Summary

Mostly followed the original BERT
Excluded NSP task, NSP loss isn’t necessary.
Dynamic masking is slightly better than static masking (actually.. almost no difference)
RoBERTa is just a BERT configuration, and performs much better than the original one.
Training longer, with bitgger batches and more data is desirable.

Essentially, RoBERTa is just a reconfiguration BERT. Then why this is important?-

Introduction

This is a replication study of BERT.

Modifications (from the original one)

Contributions

(1) Presented a set of important BERT design choices and training strategies.
(2) Used a novel dataset (CC-News), and confirm that using more data for pre-training further improves performance on downstream tasks.
(3) Showed that MLM pretraining is competitive.

Implementation

Mostly followed the original BERT setting
“Didn’t randomly inject short sequences” → Because NSP task wasn’t used, so no negative samples are needed.

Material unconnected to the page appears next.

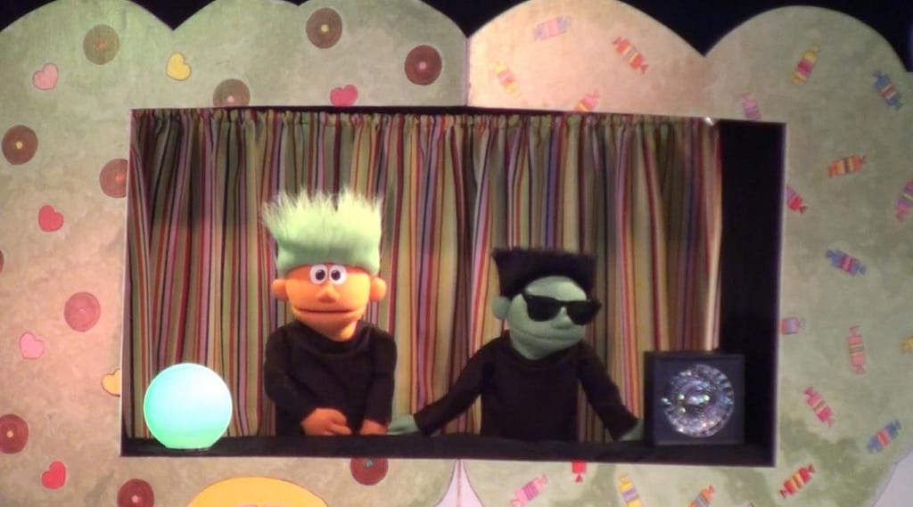 Na een half uur tovert de kindergoochelaar het podium in enkele seconden om tot een poppentheater. Het is tijd voor de poppenkast voorstelling ‘De tovenaar van Tim’.
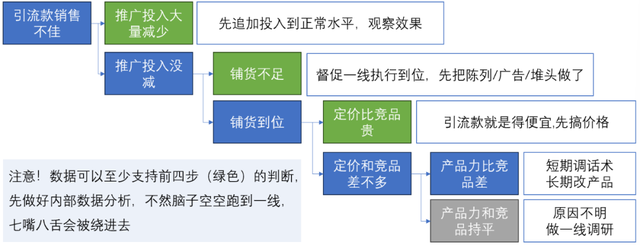 有了扩展报表以后,就能解读出深入业务含义。比如只说:“商品A销售未达标”,你啥都理解不了。但是说:“新上市的引流款商品A销售不达标”,你马上就能联想到以下情况。从产品力/推广方式/投入力度/一线执行等多角度,具体归因(如下图)。

Training Procedure Analysis

Which choices are important for pretraining BERT models?

Static masking

The original BERT masks only once during preprocessing → single static mask.
To avoid using the same mask, duplicated training data 10 times → 10 different ways of masking (over 40 epochs).

Dynamic masking

Results

Dynamic masking is slightly better than static.. (but actually, almost no difference)

Is NSP really important?

The original study said NSP loss was crucial, but some recent works have questioned the necessity.

Comparison results

Using individual sentences hurts performance on downstream tasks

(better to use related sentences)

Removing the NSP loss matches or slightly improves downstream task performance

Then, why did the original BERT said it’s important?
- BERT just removed the loss itself, and still remained SEGMENT-PAIR format..
- Suitable format for suitable loss!

(Robustly optimized BERT approach)

Configurations

Results

Large improvements!
Increasing the number of pretraining steps (100K → 300K, 500K) was better for downstream tasks.